Ai Weiwei „Sleeping Venus (After Giorgione)“ (2022)
Der chinesische Künstler modellierte Giorgiones berühmtes Venus-Gemälde aus Legosteinen.
Bild: neugerriemschneider
Vorne kann man die Kunst des Brandings an den Ständen der Großgalerien mit weltweiten Niederlassungen gut studieren: Sie machen ihr Geschäft mit Künstlerinnen und Künstlern, die selbst zur teuren Marke taugen. Im hinteren, niedrigeren aber viel besser belüfteten Zelt, dürfen dann kleinere Galerien mit junger Kunst zu Preisen auch unter 100.000 Euro ausstellen.
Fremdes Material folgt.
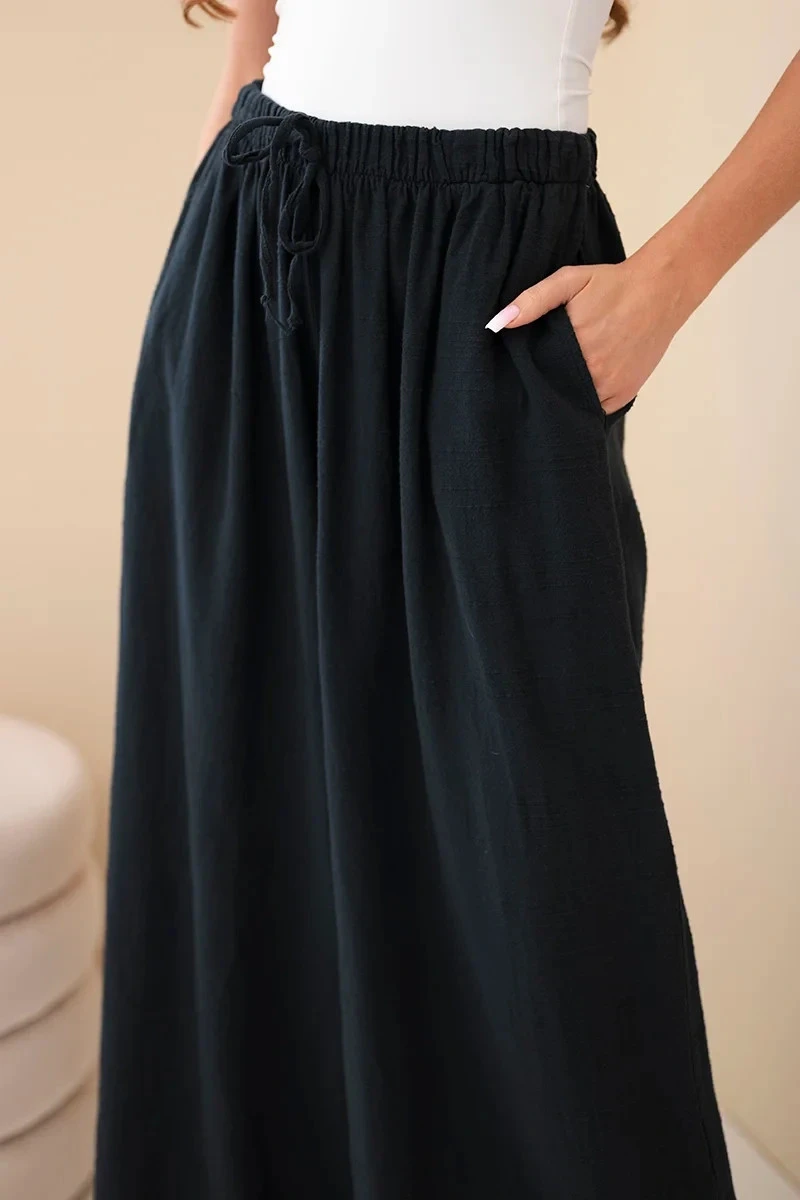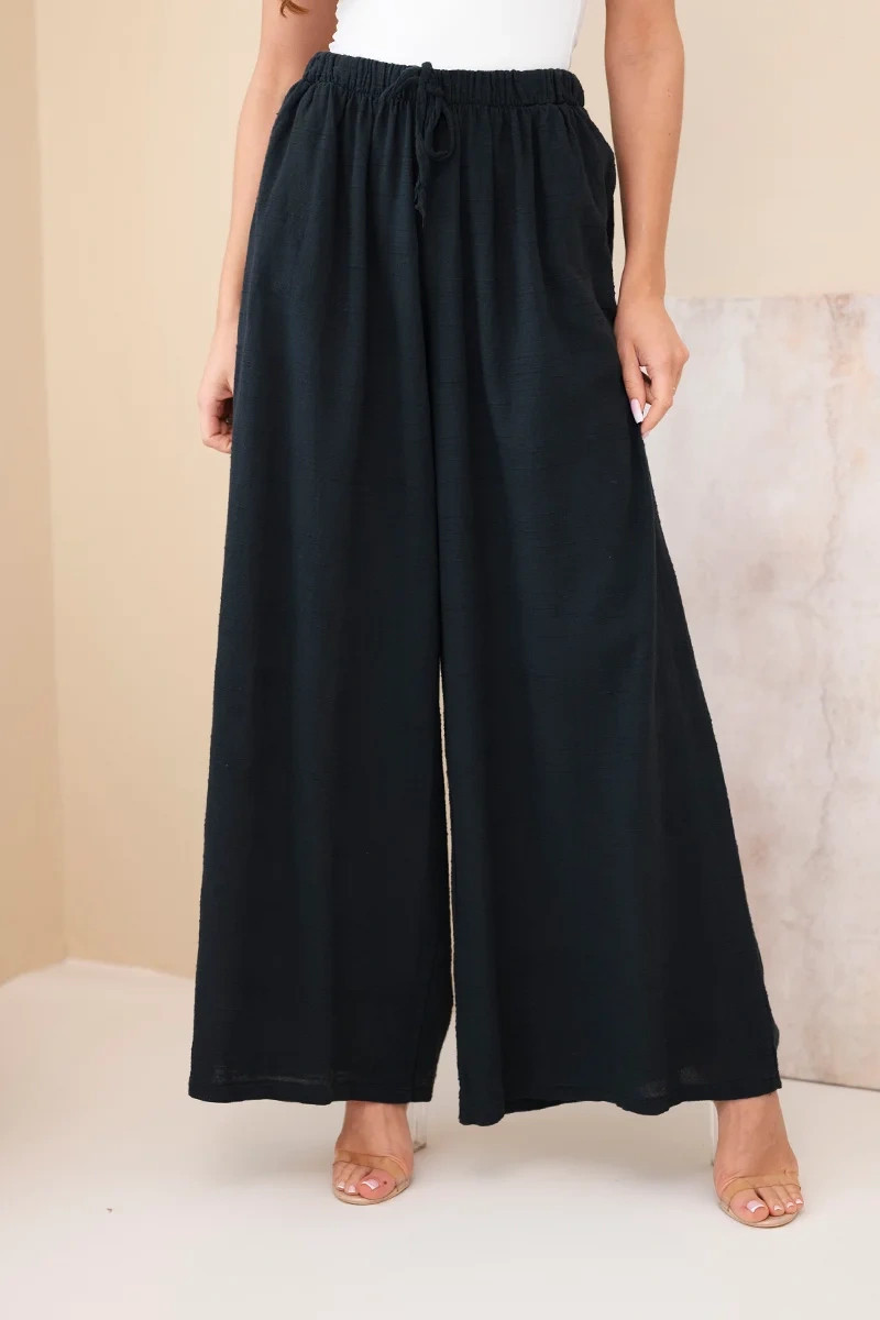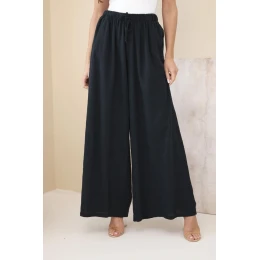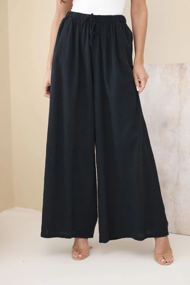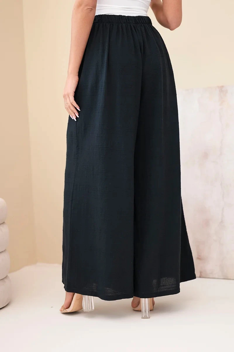 Dámské široké bavlněné kalhoty s gumou v pase černé

Die Welt ist im Krisen- und Kriegsmodus; doch das spiegeln die Künstler auf dieser Messe nicht. Das Angebot ist weitgehend apolitisch. Jean-Michel Othoniel hat für die Galerie Perrotin eine Wandskulptur aus spiegelnden Backsteinen geschaffen: Während die Welt fast auseinanderfällt, halten die akkurat gestapelten Steine (der Kunst) noch zusammen. Sie sorgen sogar noch für Glanz.
Die Kunst darf heiter sein, als solle sie Trost spenden in einer grau bedrohlichen Welt. Philip Taaffe breitet bei Luhring Augustine Blumen, Blüten und Pflanzen in bunten Farben aus wie auf einer Tapete von knapp 3 Metern.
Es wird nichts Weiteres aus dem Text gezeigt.